DATA PROVIDED |

*** Begin section ***

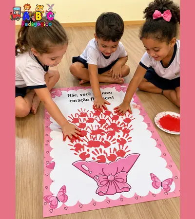 🖐️ As crianças utilizam tinta vermelha para carimbar suas mãozinhas, formando um buquê cheio de significado e carinho.
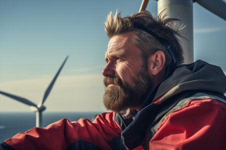 Engineer wearing a yellow raincoat is inspecting a wind turbine in a green field, contributing to clean energy and sustainable development
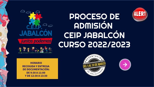 PROCESO DE ADMISIÓN CEIP JABALCÓN CURSO 2022/2023
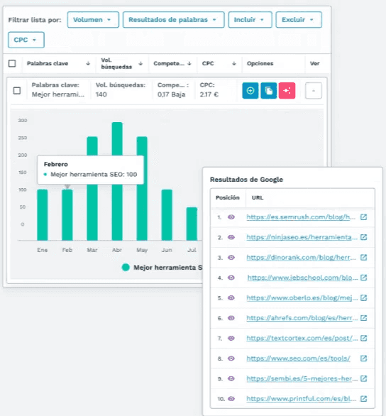 Me permite gestionar el SEO de mis proyectos sin necesidad de recurrir a varias herramientas, lo que me supone un ahorro tanto de tiempo como de dinero. Puedo hacer el seguimiento de KW para controlar si hay bajadas preocupantes, espiar a la competencia, hacer KW research, mejorar mis contenidos… ¡Todo desde un mismo lugar!

*** End section ***

YOUR ASSIGNMENT |
The copy has to start at the line that contains "Engineer wearing a" and end at the last line of the material above, matching the original exactly and holding no pictures.

RESPONSE |
 Engineer wearing a yellow raincoat is inspecting a wind turbine in a green field, contributing to clean energy and sustainable development
 PROCESO DE ADMISIÓN CEIP JABALCÓN CURSO 2022/2023
 Me permite gestionar el SEO de mis proyectos sin necesidad de recurrir a varias herramientas, lo que me supone un ahorro tanto de tiempo como de dinero. Puedo hacer el seguimiento de KW para controlar si hay bajadas preocupantes, espiar a la competencia, hacer KW research, mejorar mis contenidos… ¡Todo desde un mismo lugar!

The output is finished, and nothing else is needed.